Corresponding author address: Rosie Howard, Dept. of Earth, Ocean and Atmospheric Sciences, University of British Columbia, 2020-2207 Main Mall, Vancouver, BC V6T 1Z4, Canada. E-mail: rhoward@eos.ubc.ca

Abstract

Accurately calculating snow-surface temperature and liquid water content for a groomed ski run, known as a ski piste, is crucial to the preparation of fast skis for alpine racing. Ski technicians can use forecasts of these variables to reduce ski–snow friction by applying layers of wax ahead of time. A new one-dimensional numerical Lagrangian snowpack model, Prognostic Implementation for Snow Temperature Estimation (PISTE), is presented that solves the heat-, liquid water–, and ice-budget equations to calculate these snow variables. In addition, the human effects of skiing and grooming are modeled. Meteorological measurements from a 5-day, clear-sky case study at a ski piste on Whistler Mountain, British Columbia, Canada, are prescribed to PISTE as boundary conditions. Because of a lack of interior snowpack measurements, PISTE was spun up from a dry, isothermal snowpack using repeated boundary conditions from 1 day of measurements. Initial conditions for the main model run that used the subsequent 4 days were taken from this spinup. Simulated and measured snow-surface temperatures show very good agreement, with slight cold daytime and warm nighttime biases (averaging 0.5° and 1°C, respectively). The modeled behavior of snowpack temperature and liquid water content profiles is consistent with previous literature having similar radiative boundary conditions. The case study indicates that PISTE is useful under simple conditions. It shows the potential to be developed into a more sophisticated model that can incorporate complex boundary conditions such as cloudiness and precipitation and can be driven by numerical weather prediction output.

Supplemental information related to this paper is available at the Journals Online website: http://dx.doi.org/10.1175/JHM-D-14-0013.s1.

Corresponding author address: Rosie Howard, Dept. of Earth, Ocean and Atmospheric Sciences, University of British Columbia, 2020-2207 Main Mall, Vancouver, BC V6T 1Z4, Canada.

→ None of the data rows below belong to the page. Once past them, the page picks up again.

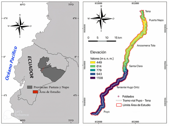 La investigación se realizó en la carretera Puyo–Tena, entre las provincias de Pastaza y Napo, en la Amazonía ecuatoriana (Figura 1). La carretera se encuentra delimitada al oeste por la Cordillera Real, al norte por el cantón Tena, al este por la Cuenca Oriente y al sur por el cantón Pastaza. Además, posee una gran variedad de geoformas como regiones montañosas, vertientes y planicies (Ministerio del Ambiente de Ecuador, 2014).
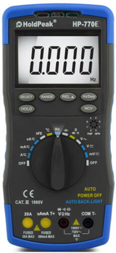 Univerzális, nagy pontosságú, digitális multiméter. Egyenfeszültség, váltófeszültség, egyenáram, váltóáram, ellenállás, kapacitás, hőmérséklet és frekvencia mérésére alkalmas. További szolgáltatása a dióda tesztelő, hFE és szakadásjelző funkció. Funkciókapcsoló jelzőlámpával és mechanikus blokkoló rendszerrel rendelkezik. Lehetőség van oszlopdiagramos kijelzésre. True RMS műszer, ezért mindig a pontos effektív értéket jeleníti meg. - Univerzális, digitális multiméter. - Automatikus és manuális méréshatár váltás. - Precíziós, nagy pontosságú. - Alacsony fogyasztás. - Stabil teljesítmény. - Alapvető pontosság: 0.05% + 2dgt. - VDC mérési tartomány: 40mV - 1000V. - VAC mérési tartomány: 40mV - 750V. - ADC mérési tartomány: 400μA - 20A. - AAC mérési tartomány: 400μA - 20A. - Ellenállás mérési tartomány: 400 - 40M. - Kapacitás mérési tartomány: 9.999nF - 99.99mF. - Hőmérséklet mérési tartomány: - 20°C - 1000°C. - Frekvencia mérési tartomány: 9.999Hz - 9.999MHz. - Maximális értékkijelzés: 40000. - Automatikus méréshatár váltás. - Dióda tesztelő. - hFE teszt. - Szakadásjelzés. - Adattárolás. - Automatikus kijelző háttérvilágítás. - Automatikus kikapcsolás. - AC/DC 600A lakat csatlakoztatható. - Funkciókapcsoló jelzőlámpa. - Mechanikus blokkoló rendszer. - Váltás °C és °F között. - True RMS. - Maximum és minimum kijelzés. - Oszlopdiagramos megjelenítés. - NCV. - 1 db 9V (6F22) elem. - Méret: 195 x 88 x 40mm. - Tömeg: 350g.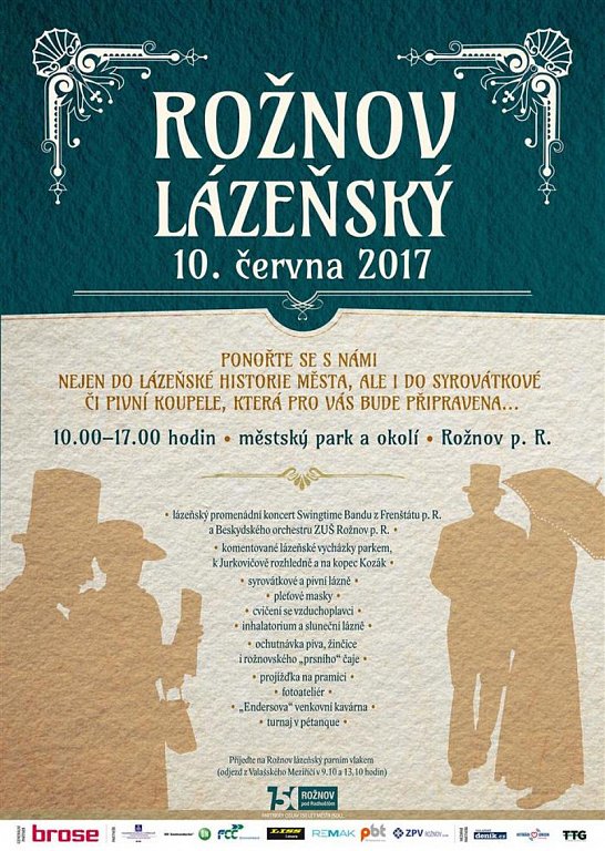 Jednodenní program zaměřený na lázeňskou historii Rožnova. Město Rožnov bylo v letech 1796 až 1939 světově proslulé díky klimatickým lázním, ve kterých se léčilo žinčicí a terénními vycházkami, později pak koupelemi a elektroléčbou. Program, který se bude odehrávat na mnoha místech města, má za cíl oživit lázeňskou historii Rožnova, kdy městem korzovali návštěvníci lázní, vyhrávaly zde kapely a lidé ochutnávali žinčici a syrovátku.

E-mail: rhoward@eos.ubc.ca

1. Motivation

Information on the snow-surface conditions of a ski piste (a groomed downhill ski run) is used by ski race technicians to optimally prepare skis via waxing and surface structuring, with the intention of reducing friction between the snow surface and ski base. Ski–snow friction depends upon many factors such as air temperature and humidity, snow-surface temperature and liquid water content, and snow age and grain size (Howard and Stull 2011), for which different waxes are optimum. Since multiple temperature-specific wax layers are applied as early as the night before a race, this paper focuses on forecasting piste snow-surface temperature and liquid water content, to assist in waxing decisions.

Previous snow models have been created primarily for avalanche prediction in natural ungroomed snowpacks, for example, CROCUS (Brun et al. 1989) and SNOWPACK (Bartelt and Lehning 2002). SNOWPACK has also been used (Bethke et al. 2005; Fauve et al. 2008) to optimize timing for ski piste preparation and to predict the snow-surface temperature. These sophisticated models require knowledge of complex stratigraphy and snow grain microstructure, as does the Snow Thermal Model (SNTHERM; Jordan 1991). This information is difficult to obtain on a ski piste before a race without disturbing the course.

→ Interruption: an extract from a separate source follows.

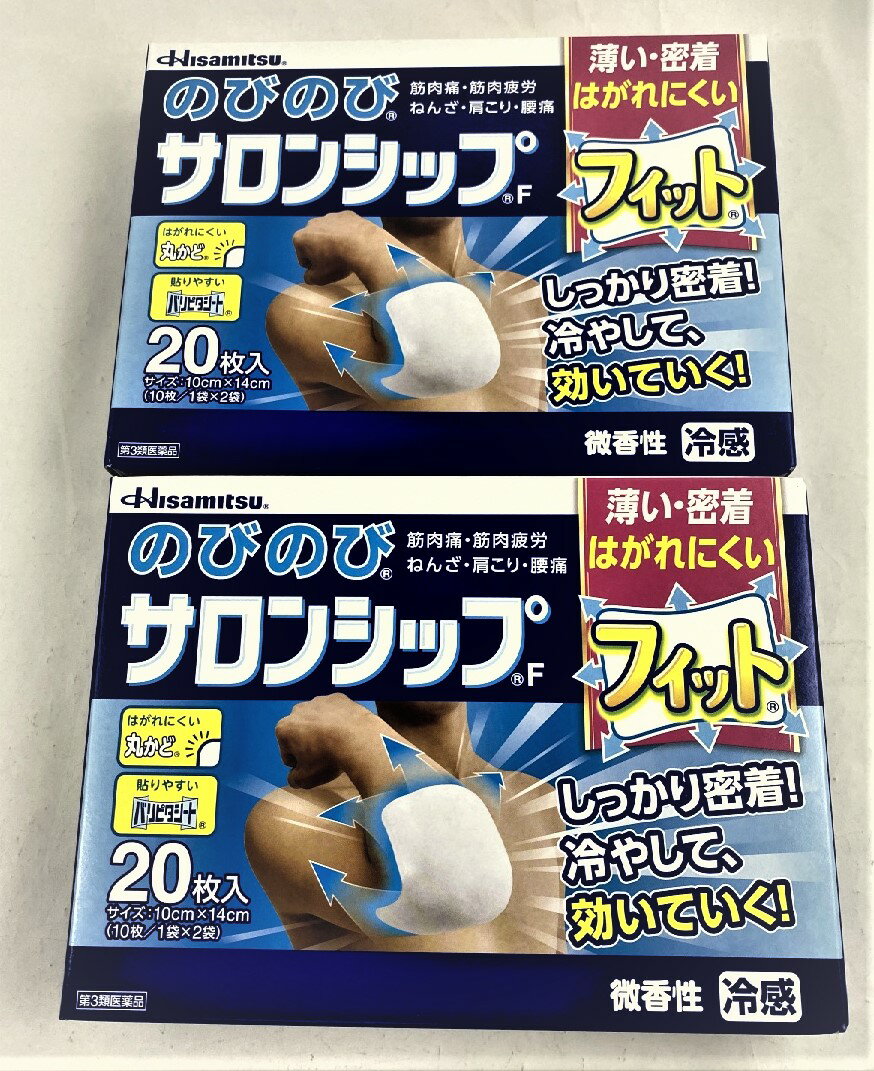 28.【×2箱セット送料込み】【第3類医薬品】久光製薬 のびのびサロンシップF 20枚入 伸縮自在で、関節部位にもぴったりフィット 冷感の鎮痛消炎冷感シップ剤 4987188151396

Ski piste snowpack density must be high enough (450–650 kg m−3; Fauve et al. 2002) to support ski edges during fast tight turns. This high density and hardness make it physically difficult to insert instrumentation, especially without disturbing the state of the snowpack. In addition, skiers frequently traverse the ski run, so scientific instruments mounted on the snow surface are prohibited for safety reasons. Further to this, grooming equipment tills the top 10–15 cm of the snowpack at least once daily, which would destroy subsurface instrumentation.

While the microstructure beneath the snow surface is of direct importance to avalanche forecasting, knowledge of surface variables is more important for the preparation of fast skis. Speculating the initial conditions of interior snowpack microstructure parameters for groomed ski pistes would likely induce errors and make error analysis very difficult. Thus, a one-dimensional model that does not require in situ surface or subsurface snow microstructure observations would find utility for ski pistes.

We present a simplified one-dimensional numerical model, called Prognostic Implementation for Snow Temperature Estimation (PISTE), that estimates vertical profiles of snow temperature, density, liquid water content, and mechanical characteristics of a groomed ski trail. Like previous snowpack models, it solves budget equations for heat, ice, and liquid water, within a snow column. It also includes human activities (skiing and grooming). To our knowledge, no previous snowpack models have attempted to do this.

PISTE is designed to be used just before and during ski racing events. The natural physical processes are modeled specifically for this short time scale (on the order of days)—PISTE is not intended to simulate the seasonal evolution of a snowpack. The model can be applied at any time during the winter, given appropriate initial and boundary conditions.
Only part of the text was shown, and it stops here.